Six years have passed since the greatest storm the planet of Stritonoly has ever seen, six years since that night of treachery. The Princess Becki has not been idle during that time, learning all she can about her powers and how they could be used against her captives, something that she has been waiting for all this time.
Setting this second volume some time after the first is a smart move as it means that you could read this as a stand alone novel if you really wanted to, although I personally recommend reading Eye of the Storm as you do then get a fuller immersion into the world of Stritonoly.
There is a much bigger focus on the character of Barok in this book (as you can imagine from the title) and we see him struggle with his personal beliefs and desire to be free (and his people) from slavery. There is a greater emphasis placed on descriptive narrative and we learn a lot more about the world in general as the focus moves from the citadel. To offset this additional world-building there is a greater emphasis placed on moving the story forward whenever possible and to me made Barok's Exodus a stronger book.
Princess Becki acts as a counterpoint to the Acidel (the race of diminutive creatures that Barok is a member of) and her 6 years of incarceration don't seem to have done much for her sanity, or her dislike of Barok's people. She spent much of the time creating works of art that help fill the coffers of the Citadel while feeding her festering hatred at the same time.

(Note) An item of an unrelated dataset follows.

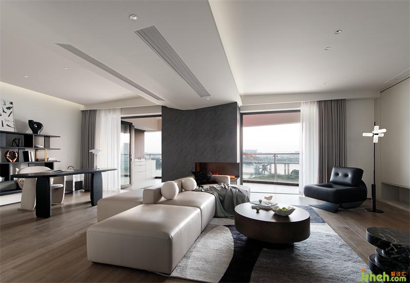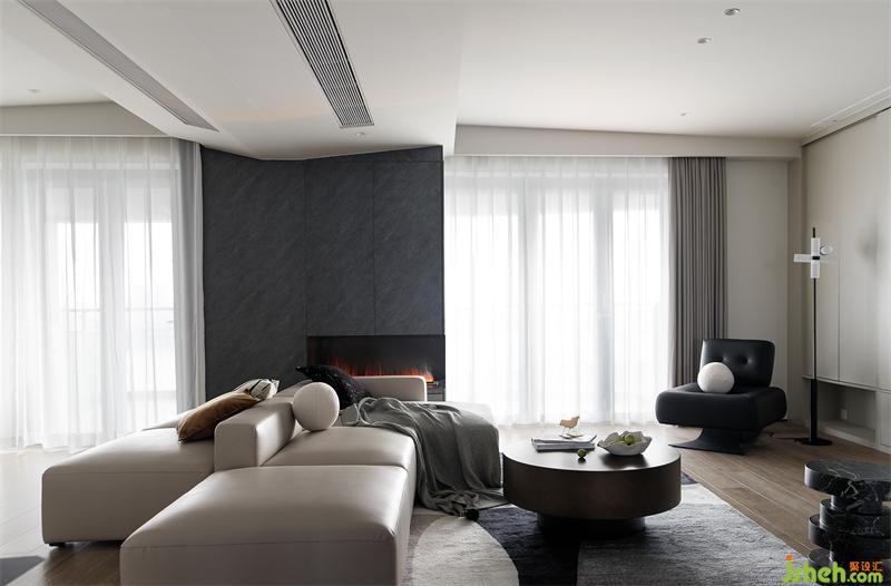 沉穩(wěn)厚重的煙熏色茶幾與高級灰絨面地毯結(jié)合,為整個客廳鋪墊一層溫馨的基調(diào)。

There a number interesting twists to the plot and the story itself is fairly imaginative however there are still issues with the characterisation which stands out as a weak point in the novel. The over-riding sense of fantasy is also still prevalent and this is a fantasy novel rather than a science fiction one (in a similar way that Star Wars is indeed fantasy). The ending is much more open ended than the previous book and there are clear signs of things being set up for a bigger story arc in the next instalment.
I found myself warming to this novel much more easily than it's predecessor, the use of the Acidel race is more effective and creates a unique style, while a confident voice also emerges from the prose, recommended.
Written on Wednesday 31st August 2011 by Antony Jones.